*Source data:*

+---+

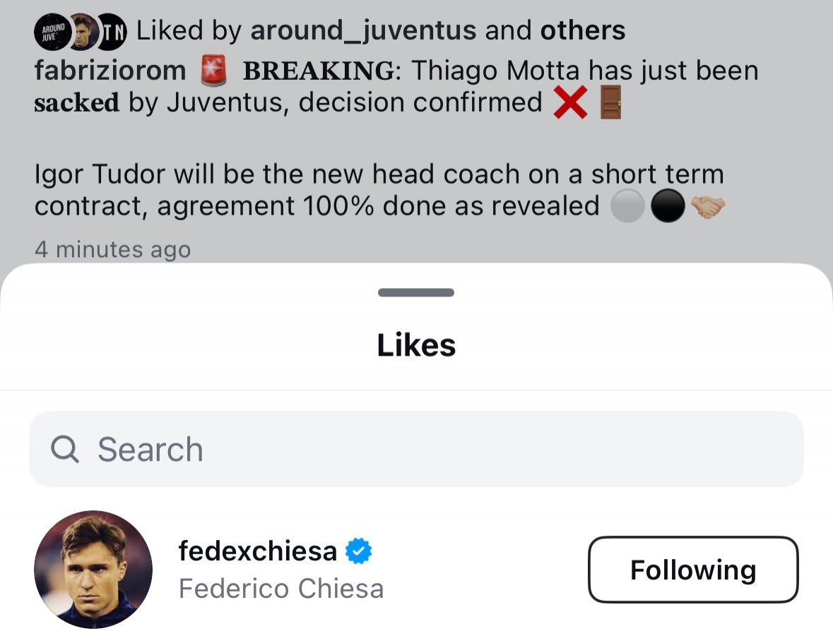 3月24日訊 尤文官宣莫塔下課,在此之前,羅馬諾先一步確認(rèn)下課消息。當(dāng)時(shí)羅馬諾的消息發(fā)出僅4分鐘,基耶薩就點(diǎn)贊了動(dòng)態(tài)。
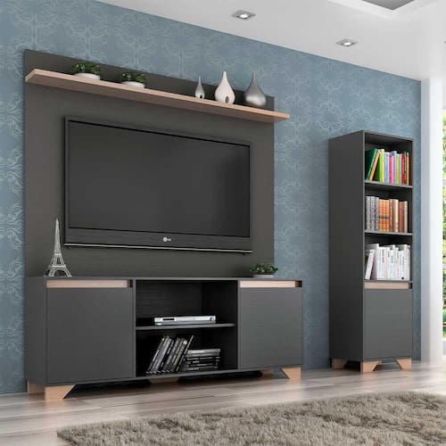 Conjunto Benevello da Quiditá Móveis, composto pelo Painel 1600, Rack 1600 e a Estante, um conjunto contemporâneo com um ligeiro aspecto retrô, inovando para beleza e conforto em seu ambiente, produzidos com painéis de MDP 15mm, viabilizando segurança.
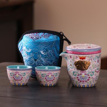 琺瑯彩便攜式旅行茶具帶包個人一人用陶瓷快客杯套裝戶外一壺二杯
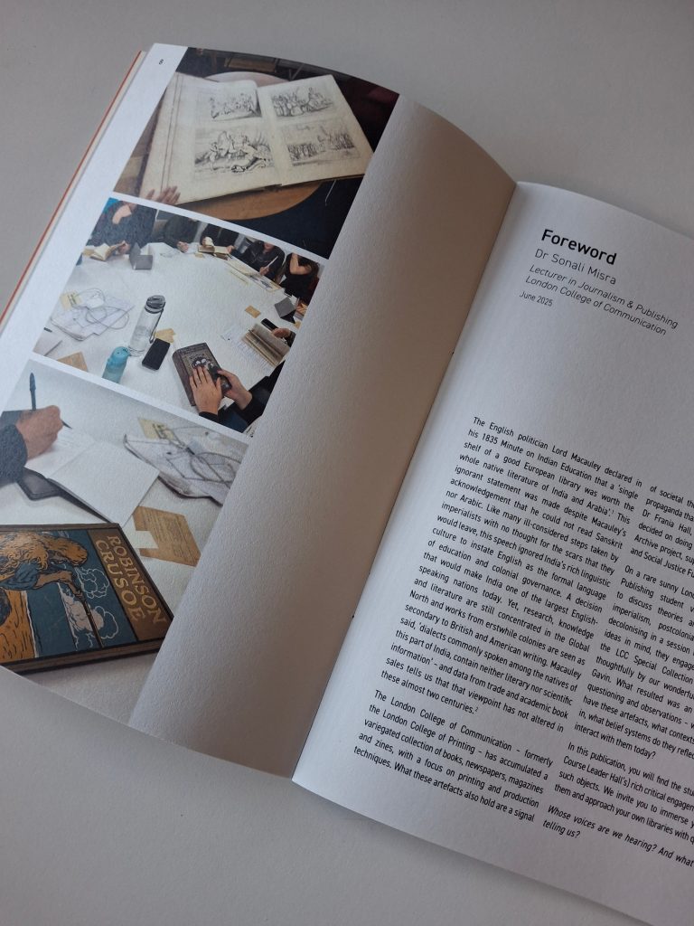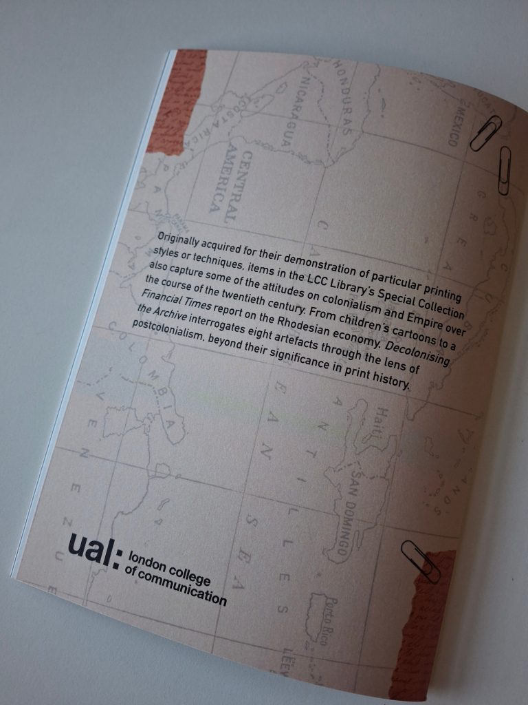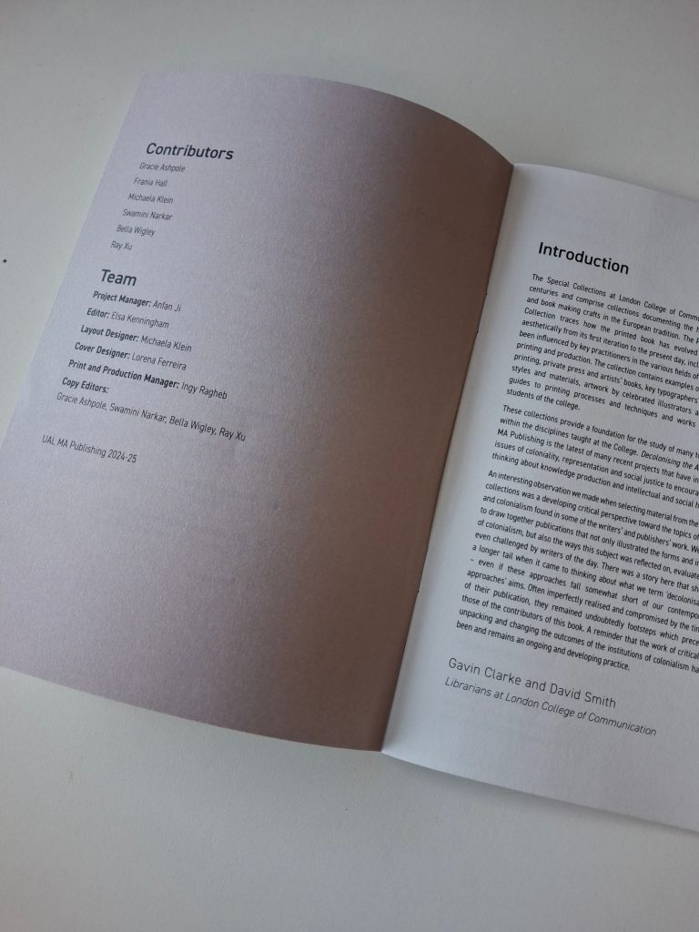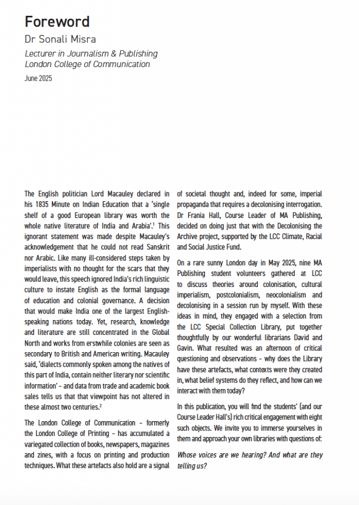 I am a Lecturer on MA Publishing at LCC. My manager received funding from the LCC Climate, Racial and Social Justice Fund to create a student publication on decolonising the LCC Library’s Special Collections and brought me on board to conduct a one-off session. I delivered a session on theories around colonialism, imperialism, hegemony, postcolonialism, neocolonialism, and decolonising, applying them to spheres of literature and publishing. The students used the theories and discussions to foreground their engagement with the chosen archival items to create their publication. I also wrote a foreword for the publication. Images of the publication and my foreword are in the Appendix. More information about the context can be found here.

+---+

*Task:*
Your task is to reproduce exactly the lines from the start of the data above through the line containing "琺瑯彩便攜式旅行茶具帶包個人一人用陶瓷快客杯套裝戶外一壺二杯", leaving every picture out.

*Output for this exercise:*
 3月24日訊 尤文官宣莫塔下課,在此之前,羅馬諾先一步確認(rèn)下課消息。當(dāng)時(shí)羅馬諾的消息發(fā)出僅4分鐘,基耶薩就點(diǎn)贊了動(dòng)態(tài)。
 Conjunto Benevello da Quiditá Móveis, composto pelo Painel 1600, Rack 1600 e a Estante, um conjunto contemporâneo com um ligeiro aspecto retrô, inovando para beleza e conforto em seu ambiente, produzidos com painéis de MDP 15mm, viabilizando segurança.
 琺瑯彩便攜式旅行茶具帶包個人一人用陶瓷快客杯套裝戶外一壺二杯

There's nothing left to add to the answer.